■ Data section ■
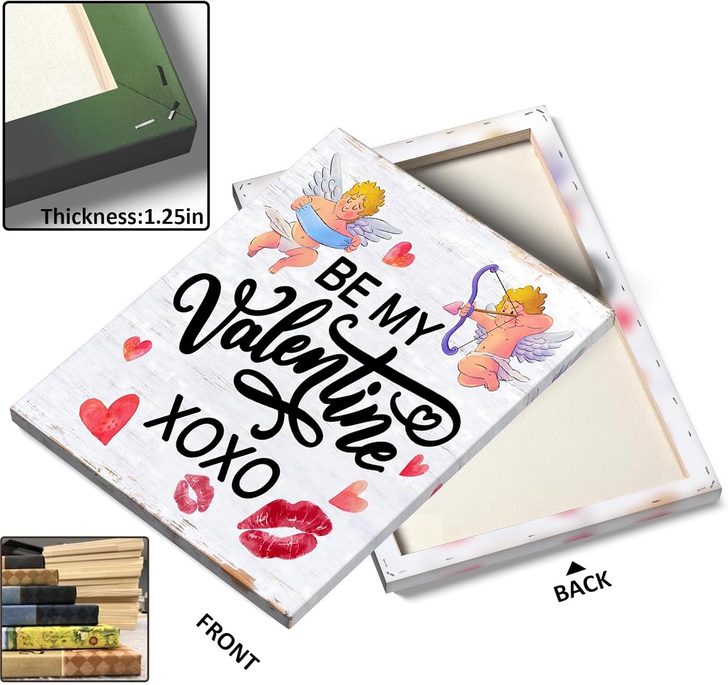 - Charming Cupid Design Wall Art: This delightful canvas art features whimsical cupids, romantic hearts, and playful "Be My Valentine XOXO" typography, making it the perfect representation of love and affection.
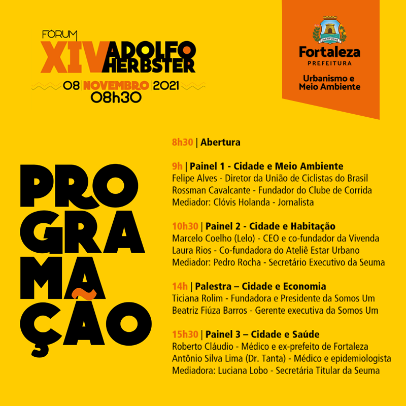 A Prefeitura de Fortaleza, por meio da Secretaria Municipal do Urbanismo e Meio Ambiente, realiza, na próxima segunda-feira (08/11), a XVI edição do Fórum Adolfo Herbster. O evento, que foi instituído em 1979, debate com a sociedade os instrumentos de desenvolvimento urbano para Fortaleza. O encontro inicia a partir das 8h30, de forma presencial, no Teatro São José. As inscrições estão disponíveis neste link. As vagas são limitadas e haverá emissão de certificado.
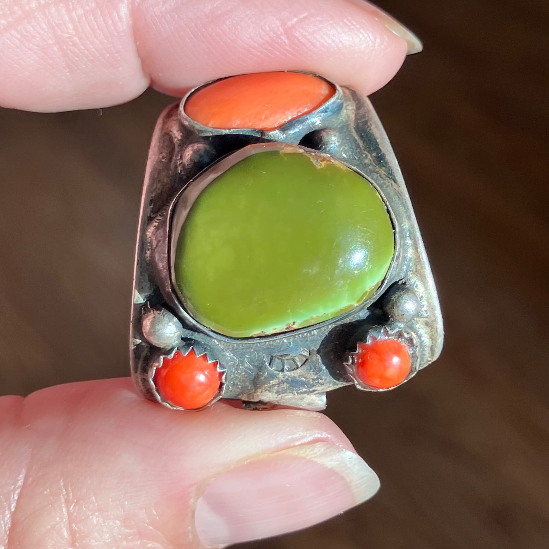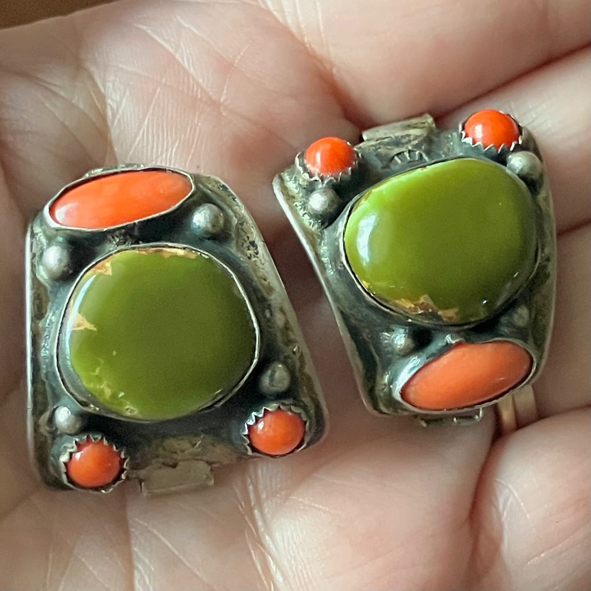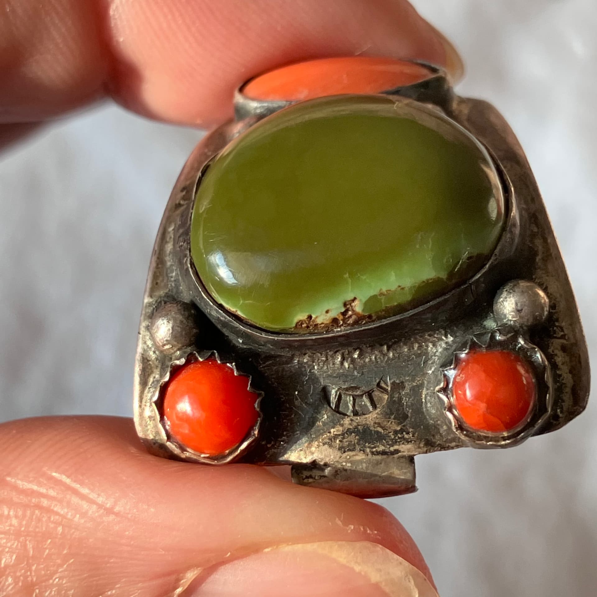@Zippy528 Hi ~ I’m not so sure that’s a hallmark on the front side of the watch tips. Looks to me to be a simple, stamped design. Are there any markings on the reverse of the tips? The green stone may possibly be Green Kingman turquoise. I can’t determine from photos whether that’s genuine coral or not. Anyways, just my 2 cents.
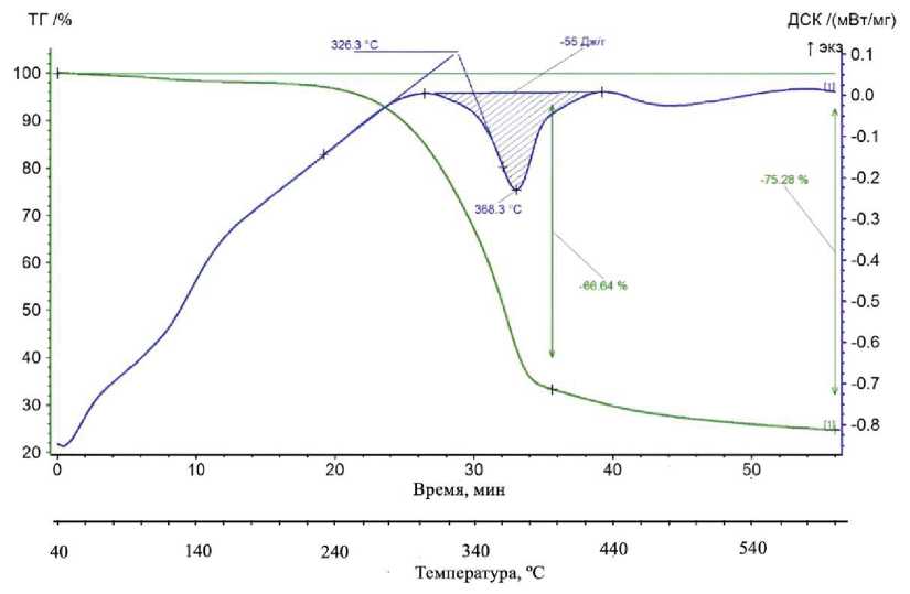 Согласно данным ДСК, результирующий тепловой эффект, наблюдающийся в области температуры 326,3 °С и выше, является эндотермическим и составляет 55 кДж/кг.
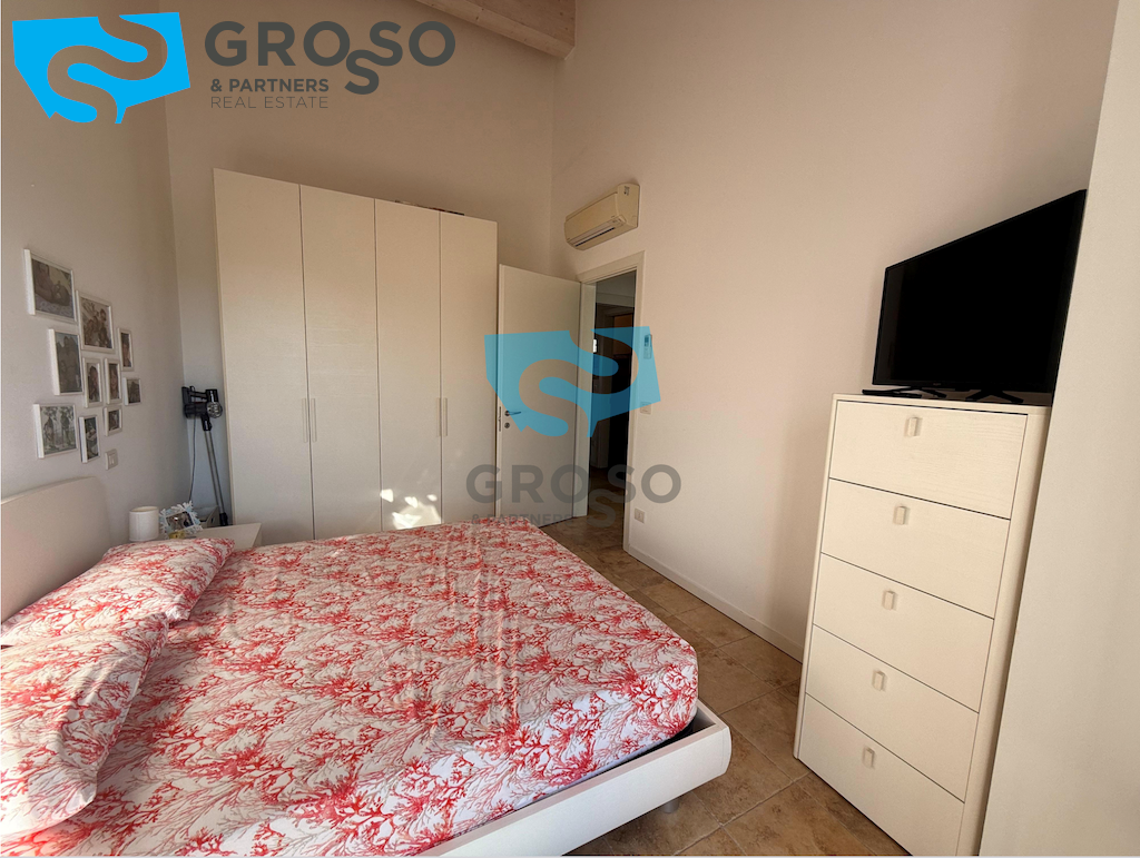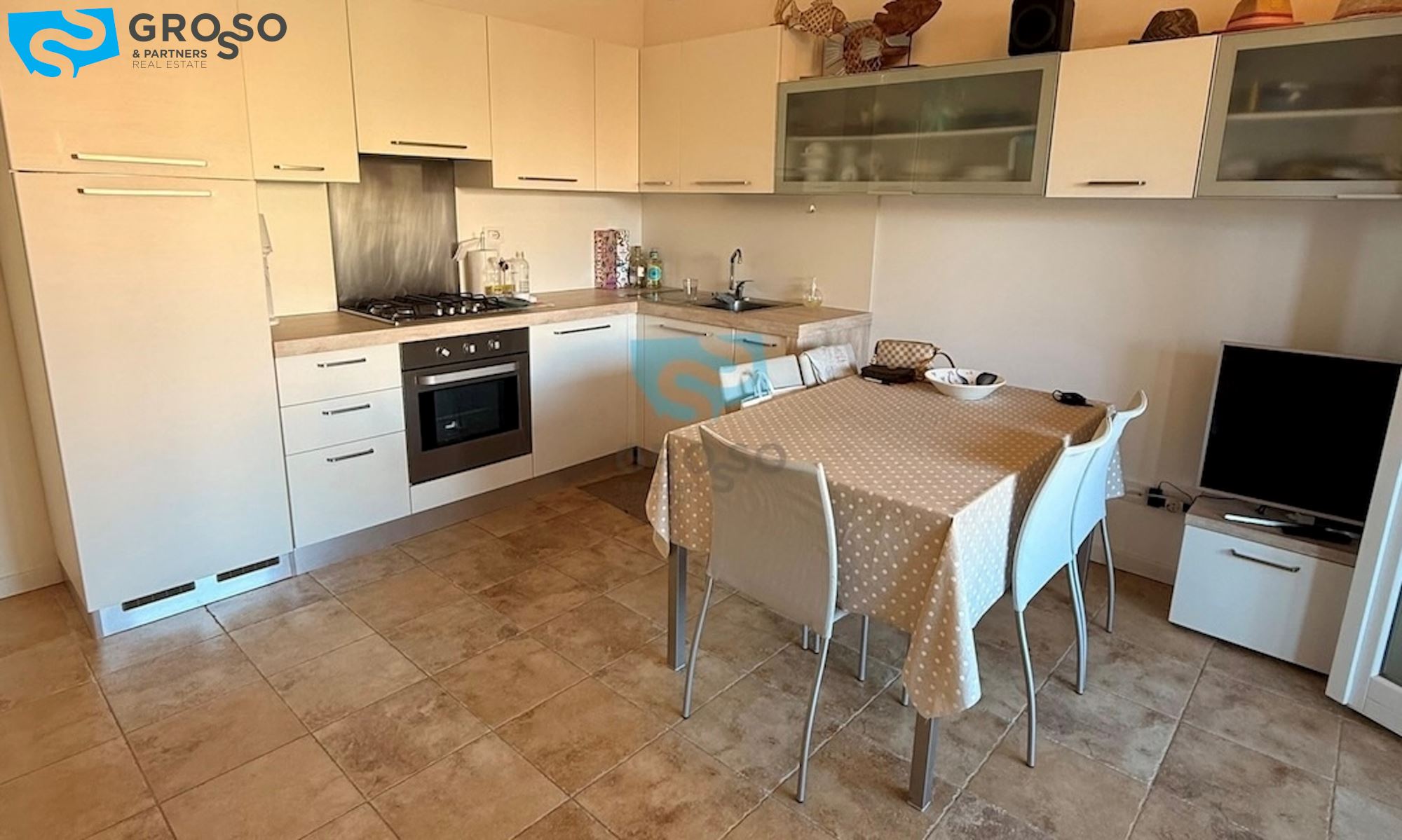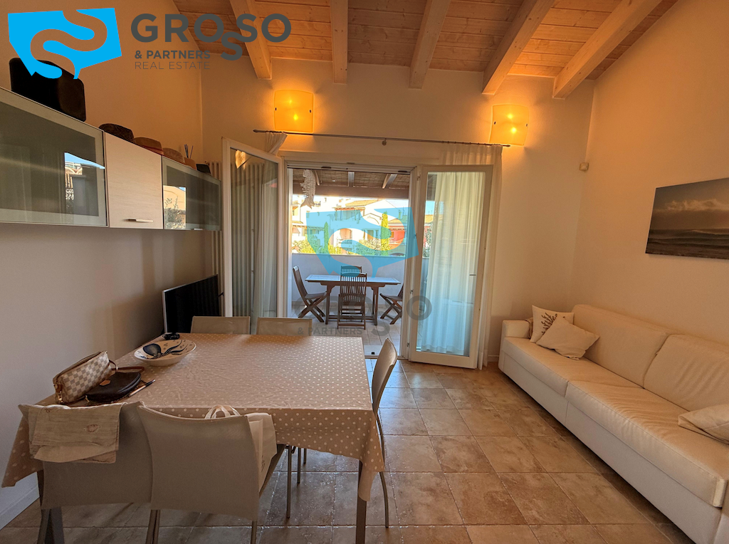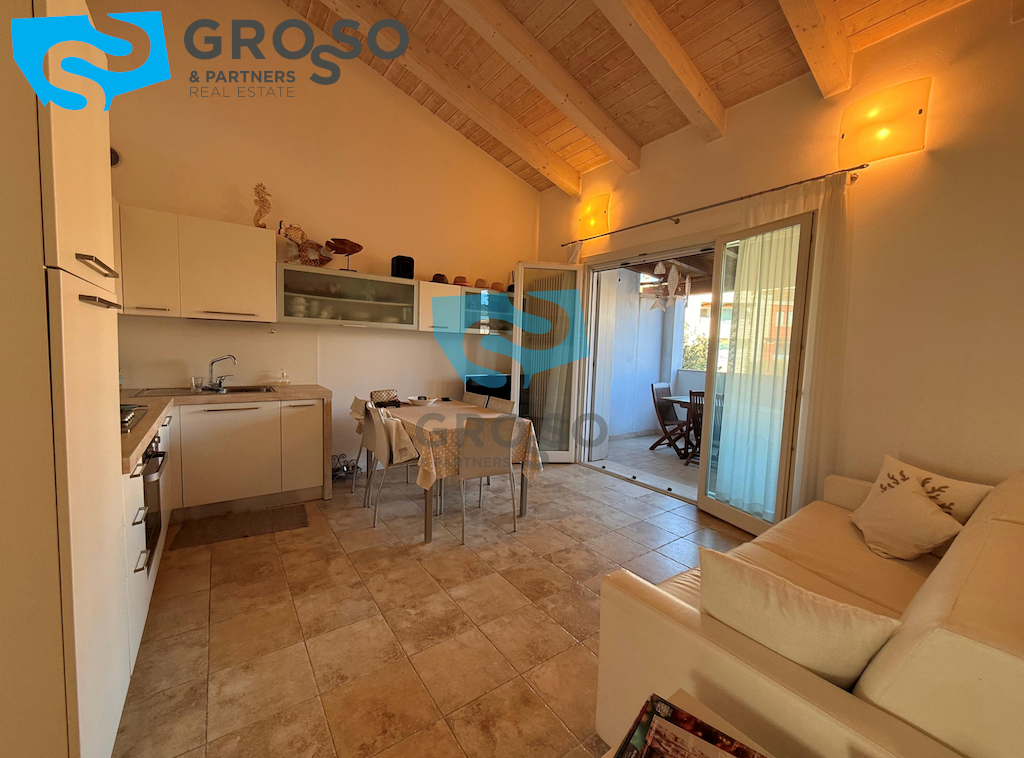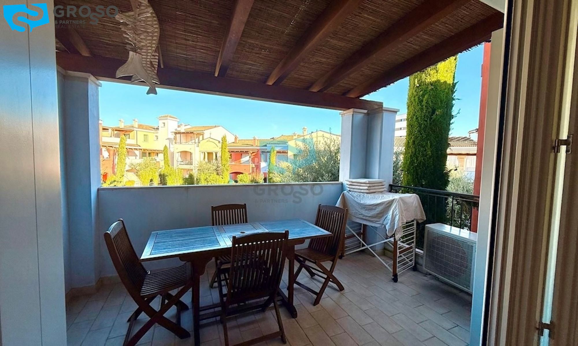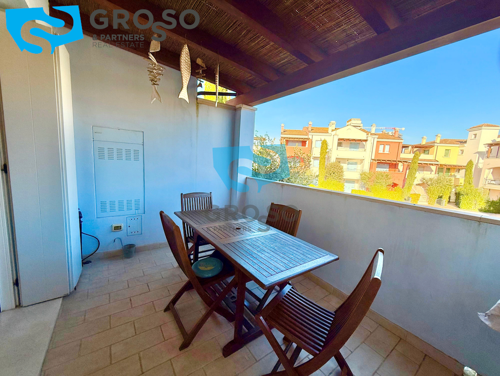 L' immobile è composto da un ampio soggiorno con angolo cottura, perfettamente integrato nella zona living e con accesso diretto alla terrazza coperta, spazio ideale per pranzi e cene all'aperto con affaccio sulla splendida piscina condominiale. La zona notte comprende una camera matrimoniale, una cameretta e un bagno finestrato dotato di tutti i comfort.

■ Your goal ■
Restate the data word for word and exclude every picture.

■ Answer section ■
 - Charming Cupid Design Wall Art: This delightful canvas art features whimsical cupids, romantic hearts, and playful "Be My Valentine XOXO" typography, making it the perfect representation of love and affection.
 A Prefeitura de Fortaleza, por meio da Secretaria Municipal do Urbanismo e Meio Ambiente, realiza, na próxima segunda-feira (08/11), a XVI edição do Fórum Adolfo Herbster. O evento, que foi instituído em 1979, debate com a sociedade os instrumentos de desenvolvimento urbano para Fortaleza. O encontro inicia a partir das 8h30, de forma presencial, no Teatro São José. As inscrições estão disponíveis neste link. As vagas são limitadas e haverá emissão de certificado.
@Zippy528 Hi ~ I’m not so sure that’s a hallmark on the front side of the watch tips. Looks to me to be a simple, stamped design. Are there any markings on the reverse of the tips? The green stone may possibly be Green Kingman turquoise. I can’t determine from photos whether that’s genuine coral or not. Anyways, just my 2 cents.
 Согласно данным ДСК, результирующий тепловой эффект, наблюдающийся в области температуры 326,3 °С и выше, является эндотермическим и составляет 55 кДж/кг.
 L' immobile è composto da un ampio soggiorno con angolo cottura, perfettamente integrato nella zona living e con accesso diretto alla terrazza coperta, spazio ideale per pranzi e cene all'aperto con affaccio sulla splendida piscina condominiale. La zona notte comprende una camera matrimoniale, una cameretta e un bagno finestrato dotato di tutti i comfort.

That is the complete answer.